▶ **TASK INPUT**:
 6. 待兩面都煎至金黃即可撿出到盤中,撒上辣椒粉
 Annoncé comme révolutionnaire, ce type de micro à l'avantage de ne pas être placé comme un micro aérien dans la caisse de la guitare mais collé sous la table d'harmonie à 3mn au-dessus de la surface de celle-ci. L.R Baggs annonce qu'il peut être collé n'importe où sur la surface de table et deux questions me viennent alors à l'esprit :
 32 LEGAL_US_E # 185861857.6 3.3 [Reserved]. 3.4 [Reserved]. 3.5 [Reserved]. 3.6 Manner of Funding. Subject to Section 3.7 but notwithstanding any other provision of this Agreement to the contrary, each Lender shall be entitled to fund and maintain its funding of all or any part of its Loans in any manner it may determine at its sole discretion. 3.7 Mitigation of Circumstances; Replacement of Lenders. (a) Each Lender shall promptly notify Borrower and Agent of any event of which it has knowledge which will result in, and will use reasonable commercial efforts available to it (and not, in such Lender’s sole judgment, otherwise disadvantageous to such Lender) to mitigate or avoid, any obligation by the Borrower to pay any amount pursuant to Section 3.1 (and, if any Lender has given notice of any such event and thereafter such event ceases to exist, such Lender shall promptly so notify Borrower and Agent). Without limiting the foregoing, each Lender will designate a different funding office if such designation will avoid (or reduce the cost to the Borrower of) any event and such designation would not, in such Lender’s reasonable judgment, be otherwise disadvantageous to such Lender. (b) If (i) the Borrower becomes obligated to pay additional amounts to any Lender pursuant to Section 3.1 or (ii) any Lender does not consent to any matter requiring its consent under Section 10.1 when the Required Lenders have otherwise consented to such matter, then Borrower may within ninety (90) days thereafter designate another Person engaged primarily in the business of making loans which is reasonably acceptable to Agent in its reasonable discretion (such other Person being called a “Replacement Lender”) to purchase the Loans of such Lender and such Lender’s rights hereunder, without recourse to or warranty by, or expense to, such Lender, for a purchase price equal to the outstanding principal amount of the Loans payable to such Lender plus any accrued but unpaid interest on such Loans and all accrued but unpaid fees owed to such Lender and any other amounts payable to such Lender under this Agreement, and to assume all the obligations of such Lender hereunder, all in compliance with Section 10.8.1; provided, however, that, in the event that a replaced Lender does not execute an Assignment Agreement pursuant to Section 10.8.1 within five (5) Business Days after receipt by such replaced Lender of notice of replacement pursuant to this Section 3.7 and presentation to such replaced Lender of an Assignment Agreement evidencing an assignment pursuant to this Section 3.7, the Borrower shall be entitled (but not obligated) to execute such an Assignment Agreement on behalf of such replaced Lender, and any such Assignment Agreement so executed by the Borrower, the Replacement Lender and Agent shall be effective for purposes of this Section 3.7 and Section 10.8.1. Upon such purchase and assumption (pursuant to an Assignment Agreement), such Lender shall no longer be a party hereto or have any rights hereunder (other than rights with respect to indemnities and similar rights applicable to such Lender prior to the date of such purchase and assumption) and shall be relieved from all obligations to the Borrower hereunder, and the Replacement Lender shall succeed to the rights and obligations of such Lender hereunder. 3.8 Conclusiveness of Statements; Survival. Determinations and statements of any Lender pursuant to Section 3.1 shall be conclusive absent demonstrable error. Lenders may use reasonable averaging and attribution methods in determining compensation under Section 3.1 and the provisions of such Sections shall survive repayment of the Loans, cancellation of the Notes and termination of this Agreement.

---

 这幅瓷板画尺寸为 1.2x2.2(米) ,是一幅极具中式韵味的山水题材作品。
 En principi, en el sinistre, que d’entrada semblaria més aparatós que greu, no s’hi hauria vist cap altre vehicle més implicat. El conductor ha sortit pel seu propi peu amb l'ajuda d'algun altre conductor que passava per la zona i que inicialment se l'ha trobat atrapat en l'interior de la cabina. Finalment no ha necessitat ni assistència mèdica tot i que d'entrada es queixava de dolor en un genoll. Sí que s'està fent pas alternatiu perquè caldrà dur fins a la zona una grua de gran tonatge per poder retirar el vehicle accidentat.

▶ **EXERCISE PROMPT**:
All that is wanted is the stretch of lines above from the one containing "6. 待兩面都煎至金黃即可撿出到盤中,撒上辣椒粉" through the one containing "Annoncé comme révolutionnaire, ce", duplicated exactly.

▶ **WRITTEN SOLUTION**:
 6. 待兩面都煎至金黃即可撿出到盤中,撒上辣椒粉
 Annoncé comme révolutionnaire, ce type de micro à l'avantage de ne pas être placé comme un micro aérien dans la caisse de la guitare mais collé sous la table d'harmonie à 3mn au-dessus de la surface de celle-ci. L.R Baggs annonce qu'il peut être collé n'importe où sur la surface de table et deux questions me viennent alors à l'esprit :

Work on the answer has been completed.